Quelles sont les activités observables qui permettent de supposer qu'il y a traitement de l'input ? Bruner (1958), relu par Gaonac'h (1991), donne quelques pistes à ce sujet.

2.5.2. Catégorisation

Selon Bruner (1958, cité dans Gaonac'h, 1991 : 89), percevoir un élément dans un environnement linguistique implique une activité de catégorisation. L'apprenant rattache les indices qu'il perçoit à "certaines classes d'objets". La réponse au "stimulus" est donc catégorielle. Un principe économique opère pendant cette catégorisation : le classement dans une catégorie doit être possible à l'aide de peu d'indices ; leur nombre doit toutefois permettre de limiter, le plus possible, le risque d'erreur. "Percevoir est donc prendre une décision"

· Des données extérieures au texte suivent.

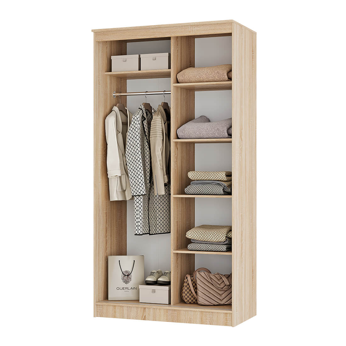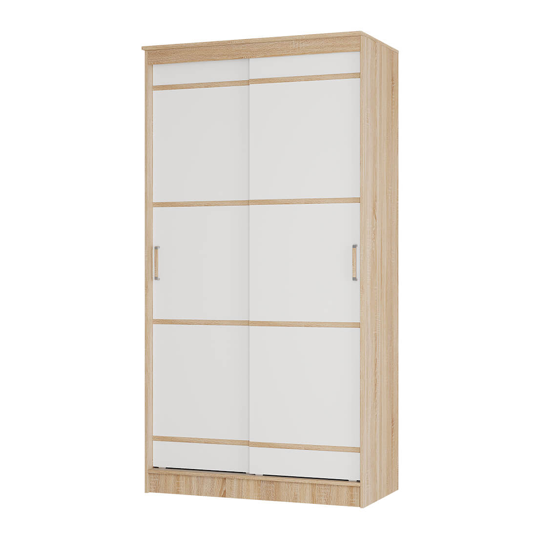 Шкаф-купе "Сакура" выполнен в едином стиле с остальными модулями одноимённой мебельной серии. Он сделан из ЛДСП высокого качества в комбинации цветов "сонома" и "белый", раздвижные дверцы декорированы темными полосами и дополнены удобными ручками. Внутри модель содержит все необходимые зоны для хранения одежды и обуви: отделение для плечиков, а также полки и ниши для остальных вещей.
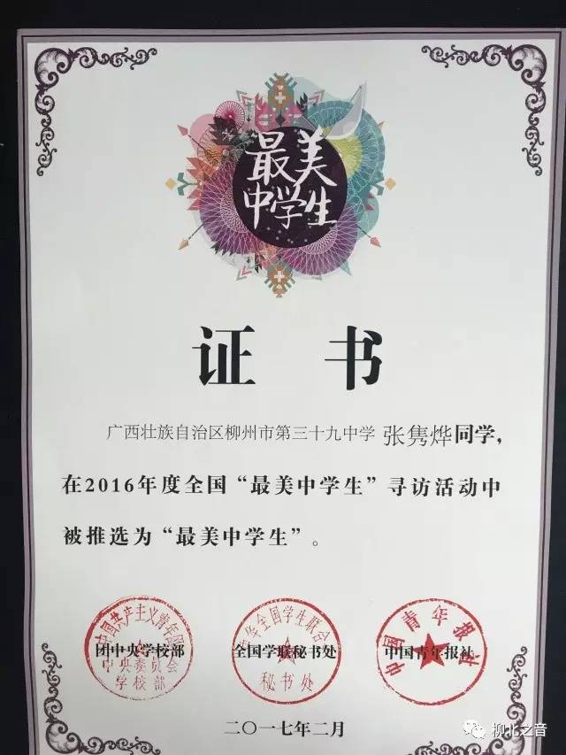 在由全国学联秘书处、团中央学校部、中国青年报社联合主办的2016年度全国“最美中学生”寻访活动中,广西柳州市第39中学2014(2)班张隽烨同学荣获全国 “最美中学生”称号,是柳州市唯一获此殊荣的初中生。
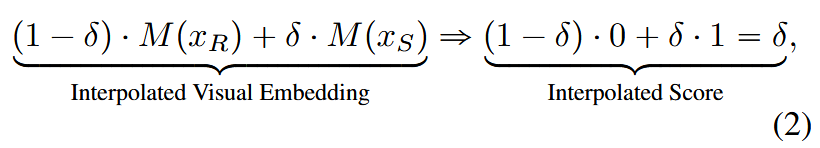 操作:在由预训练CLIP模型提取出的“图像特征向量”(即嵌入)空间中进行操作。具体是在真实图像的特征向量(x_R)和合成图像的特征向量(x_S)之间进行线性插值。
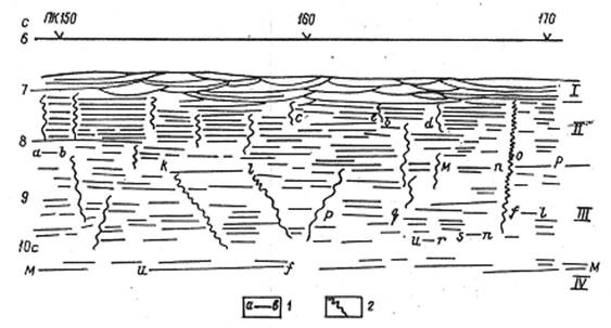 Рис.22 Результаты интерпретации сейсмического разреза, приведенного на рис. 1- дискретные отражающие границы; 2- зоны нарушений. I-IV – структурные толщи; М- граница Мохоровичича. [7]
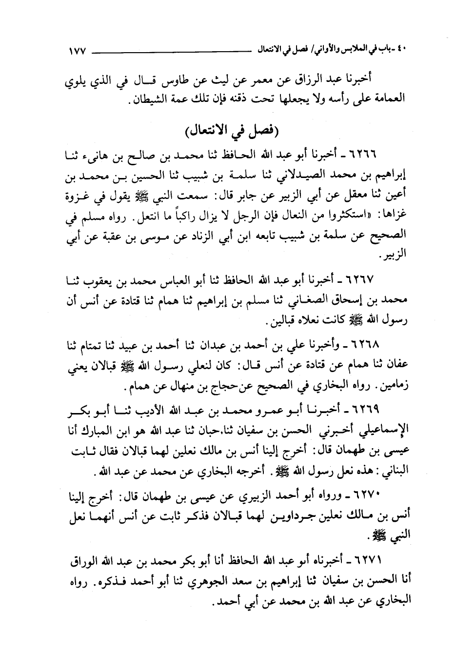 6269 - أخبرنا أبو عمرو محمد بن عبد الله الأديب ثنا أبو بكر الإسماعيلي أخبرني الحسن بن سفيان ثنا حبان ثنا عبد الله هو ابن المبارك أنا عيسى بن طهمان قال : أخرج إلينا أنس بن مالك نعلين لهما قبالان فقال ثابت البناني : هذه تعل رسول الله صلى الله عليه و سلم أخرجه البخاري عن محمد عن عبد الله
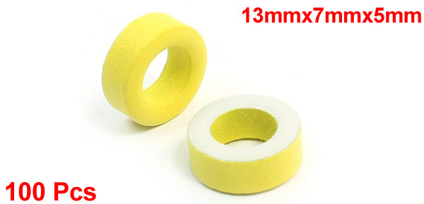 100 Pcs 13mmx7mmx5mm Power Transformer Toroid Cores Ferrite Ring Magnet Yellow
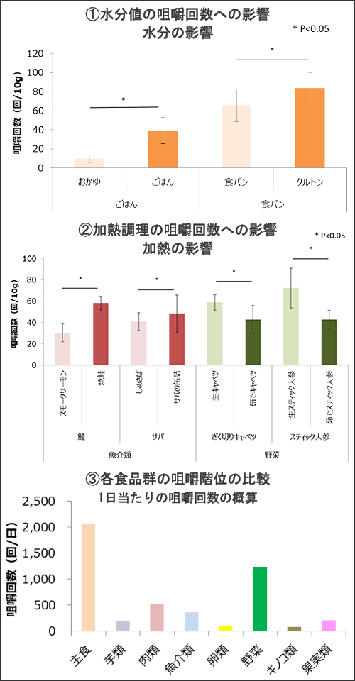食品ごとに噛む回数をランク付け、60品目を追加水分量・加熱が咀嚼回数に与える影響なども検証
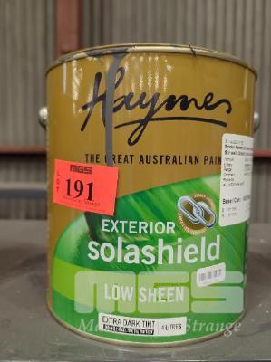 1 X 4.0 L TIN HAYMES SOLARSHEILD EXTERIOR LOW SHEEN PAINT - EXTRA DARK TINT.
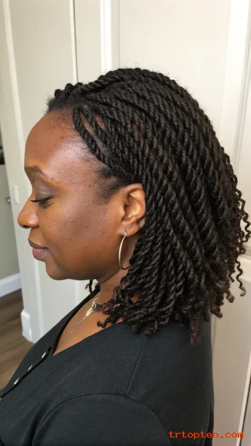Work with damp hair and apply a moisturizing cream, then twist small sections from root to tip. Keep twist size consistent so the final look feels balanced.
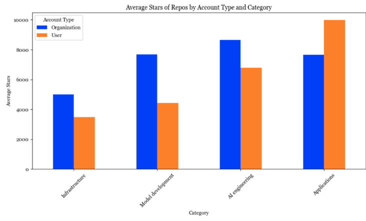 Chip noticed that applications started by individuals, on average, have gained more stars than applications started by organizations.
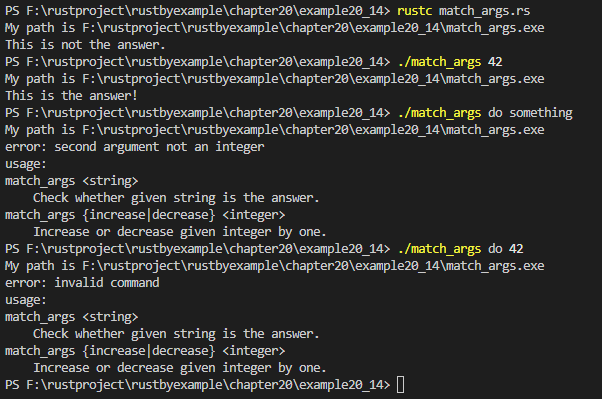 PS F:\rustproject\rustbyexample\chapter20\example20_14> ./match_args do 42
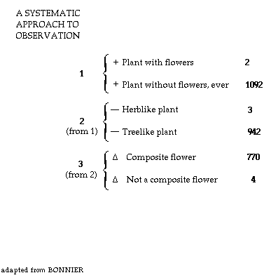 Un point qui peut sembler trivial est la qualité "dichotomique" des questions Lamarckiennes. Chaque paire de questions formule des observations mutuellement exclusives (en principe seulement!). Il suffit de répondre "Oui" à l'une des deux questions pour atteindre la paire de questions suivante. Il pourrait sembler plus simple de ne formuler qu'une seule question et de suivre l'une des deux branches "oui" ou "non". Plus simple pour qui? Les avantages qu'on a à se situer toujours sur une branche "oui" sont, à vrai dire, inestimables. On peut ainsi, en changeant peu la syntaxe et la ponctuation, convertir le parcours dans les questions en suite d'affirmations parfaitement cohérentes. La série d'affirmations se construit assez mécaniquement, et sans qu'il soit besoin d'y appliquer la moindre logique. Le travail d'ingénieurie linguistique que cela représente de la part de Lamarck est d'une élégance certaine.
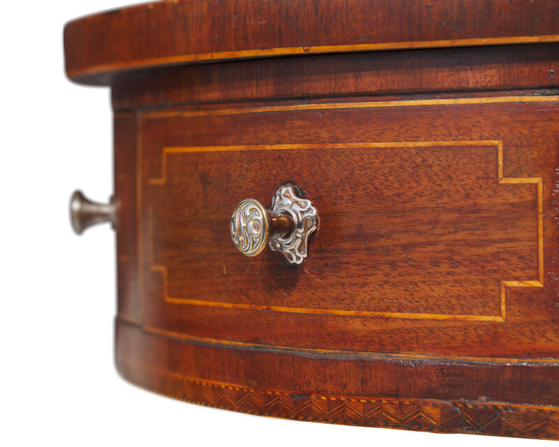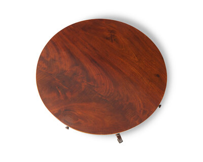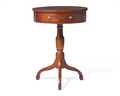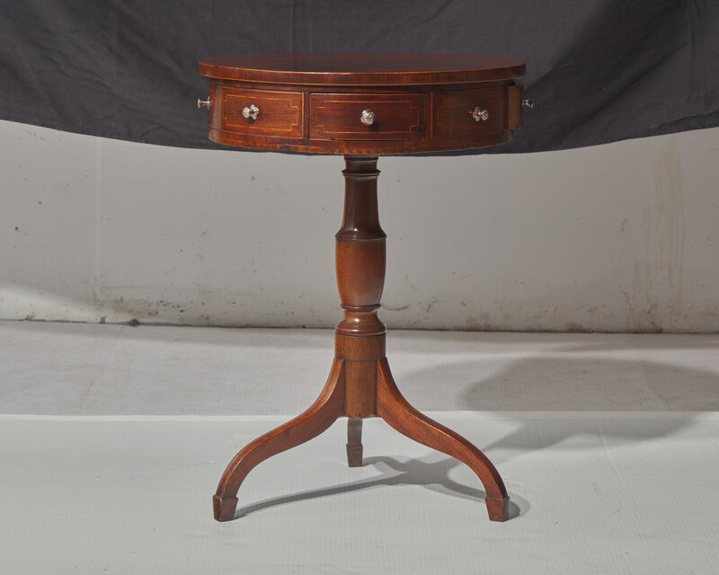 With round top over four drawers and four faux drawer fronts, on pedestal support with three down-turned legs ending in spade feet.
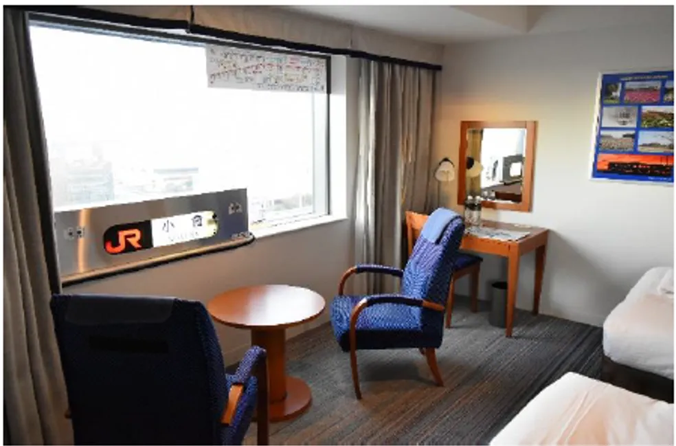 新たに改良されたコンセプトルームは、JR九州811系電車のデザインを活かし、内装に鉄道らしさを演出しています。宿泊中は、窓から見える走行する列車や北九州の雄大な景色を楽しむことができ、まるで自分が列車に乗って旅をしているかのような体験を提供してくれます。

(Gaonac'h, 1991 : 89). Afin de pouvoir classer les indices perçus dans des catégories, ces

75 catégories doivent préexister. Pour Bruner, elles sont, pour la plupart, construites, comme le rappelle Gaonac'h (1991 : 90). Les catégories en place sont une sorte de grille que le sujet applique en abordant son environnement linguistique. L'activité perceptive a un caractère anticipatoire. L'apprenant sélectionne des éléments en fonction de ses hypothèses concernant la nature et les propriétés de l'environnement qu'il observe. Il peut aborder l'input en effectuant les gestes suivants.

Détection de la présence d'un objet ; recherche d'indices pour une exploration large suivie d'une catégorisation provisoire (hypothèse) ; activité exploratoire plus restreinte aboutissant à la confirmation de l'hypothèse (Gaonac'h, 1991 : 90, se référant à Bruner, 1958).

Les attentes et les besoins des sujets déterminent la recherche d'indices et la formation d'hypothèses. Les catégories convoquées peuvent être plus ou moins accessibles. Si l'apprenant a des attentes fortes, il a besoin de peu d'indices pour percevoir l'objet dans l'environnement ; dans ce cas, "la catégorie correspondante est dite très accessible" (Gaonac'h, 1991 : 90). Le nombre et la nature des indices jouent également un rôle pour la perception. Si l'on s'attend à trouver un représentant d'une certaine catégorie, on a tendance à ne percevoir que les indices liés à cette catégorie et à ne pas percevoir ceux qui plaident en faveur d'une autre catégorie. Il y a des choix stratégiques à faire concernant l'activation de certaines hypothèses et l'application de certains modes de vérification (Gaonach'h, 1991 : 91). Bruner explique qu'une théorie de la perception est également une théorie de la signification.

La signification d'une chose, c'est la localisation d'un objet dans un réseau d'inférences hypothétiques relatives à ses autres propriétés observables, ses effets, etc. (Bruner, 1958 : 6-7, cité dans Gaonac'h, 1991 : 91-92).